Let X be a compact Hausdorff space and let C(X) (or simply C) be the space of all real valued continuous functions of X. C'(X) and C''(X) (or C',C'' respectively) represent the first and second norm duals of C(X). C may be imbedded in C''. U is the set of limits in C'' of order convergent nets from C. If \(L^ r(E,F)\) and \(L^ c(E,F)\) represent respectively the spaces of regular and order continuous operators from Riesz space E to Riesz space F, then \(L^ r(C,C)\) and \(L^ r(C,U)\) may be imbedded in \(L^ c(C'',C'')\).

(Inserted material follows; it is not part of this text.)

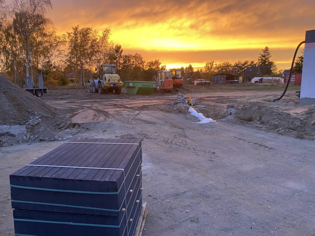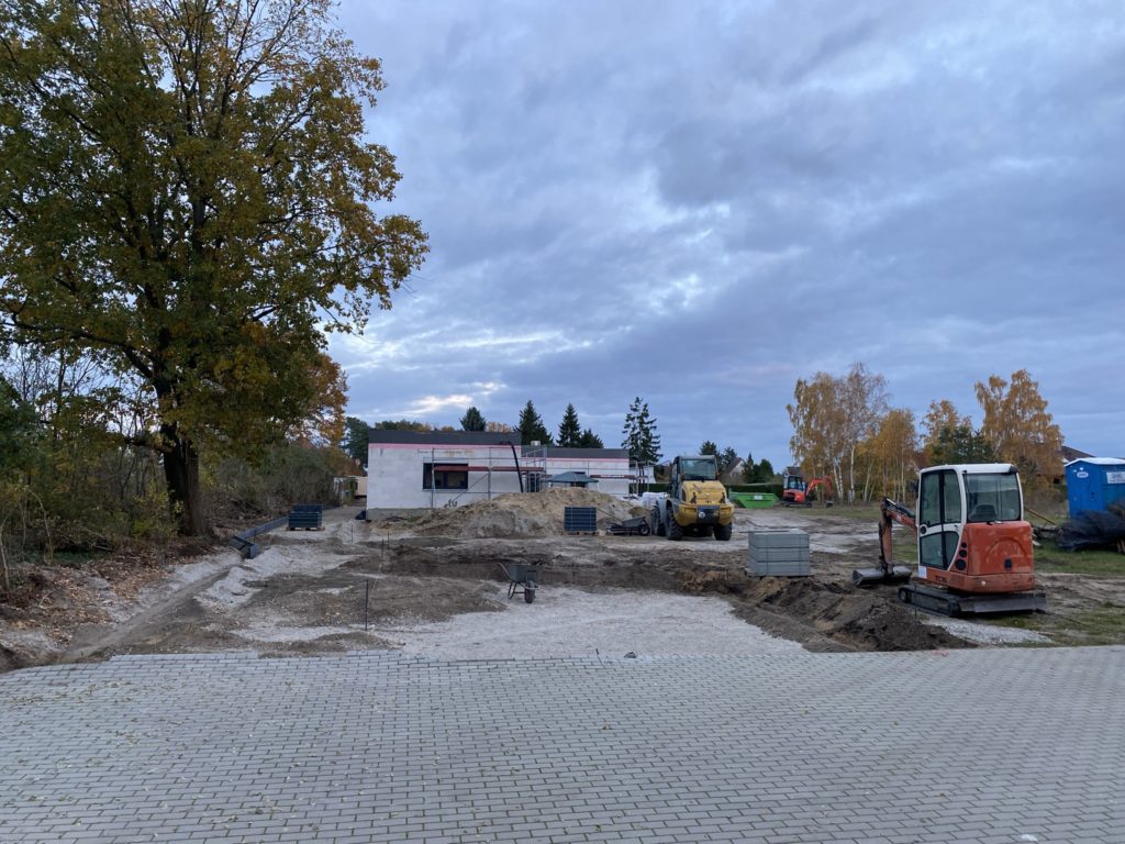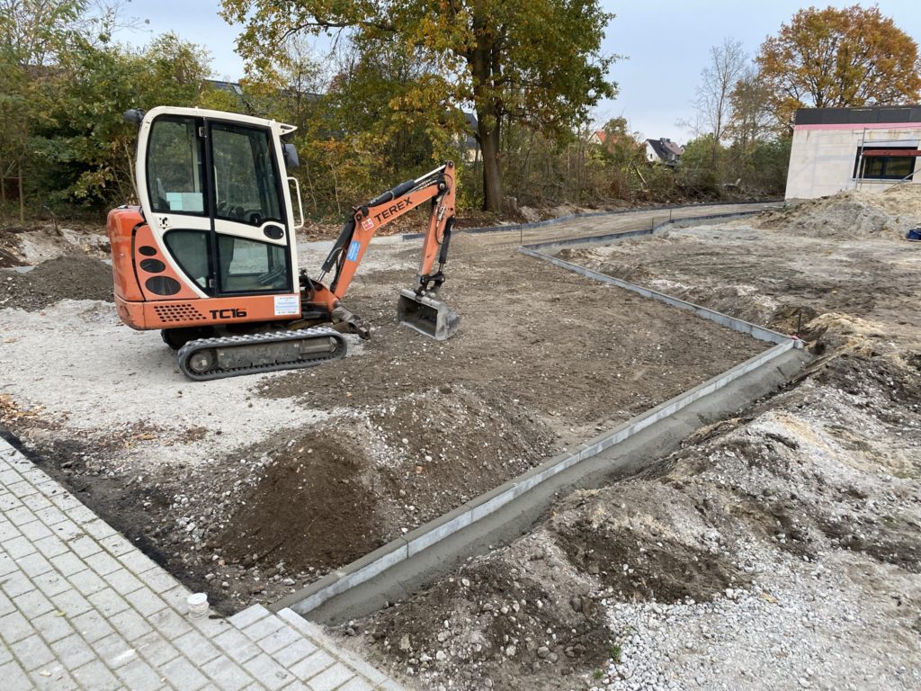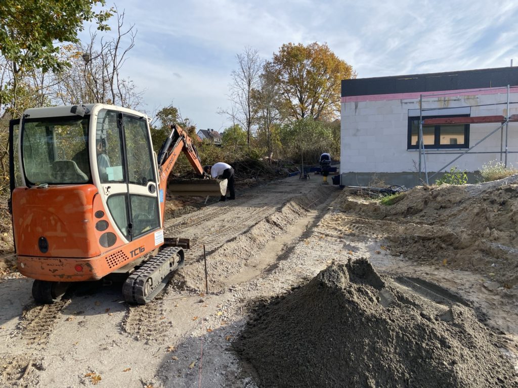 Am Tag 160 begannen dann auch die Außenarbeiten für die Zufahrt und PKW-Stellflächen. Mit den sehr unterschiedlichen Höhenlagen ist es gar nicht so einfach ein sinnvolles Entwässerungskonzept zu finden. Letztendlich wurde aber eine gute Lösung gefunden, die jetzt umgesetzt wird. Insbesondere die Feuerwehrbewegungsfläche war auf Grund der vorgeschriebenen Größe und der Lage im Gelände recht aufwendig.
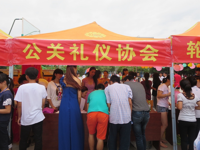 据悉,本次社团文化艺术节主要有青年志愿者协会、红星艺术团、电子协会、机械创新设计协会、市场营销协会、民族研究协会、海岩文学社、外语协会、广告协会、墨缘书画协会、武术协会、健美操协会、篮球社、轮滑协会、羽毛球协会等22个院级精品社团参加,共招收新会员1500多名。

We show that under this imbedding, both \(L^ r(C,C)\) and \(L^ r(C,U)\) are dense in the band which they generate in \(L^ c(C'',C'')\) in the topology defined (for fixed \(\mu \in C_+')\) by \[ \| T\|_{\mu}=<\mu,| T| 1>,\quad T\in L^ c(C'',C'') \] where 1 is the unit in C''. This is used to show that \(L^ r(C,C)\) and \(L^ r(C,U)\) are order dense in the band which they generate in \(L^ r(C'',C'')\). In addition, if X is a metric space, the band generated by \(L^ r(C,U)\) is all of \(L^ c(C'',C'')\).